On Chesil Beach - Ian McEwan

On Chesil Beach by Ian McEwanIt is July 1962. Florence is a talented musician who dreams of a career on the concert stage and of the perfect life she will create with Edward, an earnest young history student at the University College in London, who unexpectedly wooed and won her heart. Newly married that morning, both virgins, Edward and Florence arrive at a hotel on the Dorset coast. At dinner in their rooms they struggle to suppress their worries about the wedding night to come. Edward, eager for rapture, frets over Florence's response to his advances and nurses a private fear of failure, while Florence's anxieties run deeper: she is overcome by sheer disgust at the idea of physical contact, but dreads disappointing her husband when they finally lie down together in the honeymoon suite.

Ian McEwan has caught with understanding and compassion the innocence of Edward and Florence at a time when marriage was presumed to be the outward sign of maturity and independence. On Chesil Beach is another masterwork from McEwan -- a story of lives transformed by a gesture not made or a word not spoken.
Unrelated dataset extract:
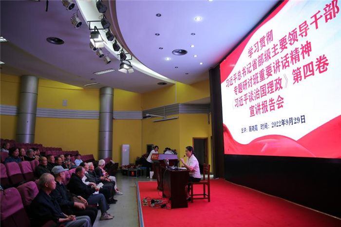 黨委副書記(jì)聶曉霞同(tóng)誌為全體(tǐ)退休教職工做了(le)“學習貫徹習近平總書記省部級主要領導幹部專題研討(tǎo)班重(chóng)要講話精神、《習近平談治國理政》第四卷”的黨課報告。

For my first bite at the McEwan apple, I was quite impressed. On Chesil Beach was beautifully written and I loved what he wrote...for the most part. I feel the book is best talked about in two parts: 1) the wedding day 2) the rest of the book.

In that first part, the wedding day, we have a man and woman who are as awkward with each other as they are in love. They fumble through conversation before fumbling at each other's clothing. They have never had difficulty communicating, but there is one glaring oversight in their conversational past: he could not wait to get into bed with her and she did not want to ever get into bed with him. The chapters that chronicle that day were rife with sexual tension and apprehension, and they were often pretty descriptive.

(I can accept that Americans are typically considered prude by the rest of the world, and if you have ever been uncomfortable by adult situations and bizarrely literary sexual euphemism in text you may have to skip over a few paragraphs.)

To characterize the second part of the book, that which did not occur on the couple's wedding day, I would consider it beautiful in its simplicity and innocence. The care with which McEwan handled their relationship as it budded through the soil was perfectly gentle. I really enjoyed how much of the story revolved around both Edward and Florence's families. Their separate family dynamics showed how they found solice in each other's company; they were each other's escape into a new-found reality.

On Chesil Beach was wonderfully tragic, if tragedy can be wonderful; (a little) funny; and all-around superbly written. Ian McEwan has been a celebrated author for many years and if On Chesil Beach is representative of his earlier work it is not difficult to see why he has received such praise.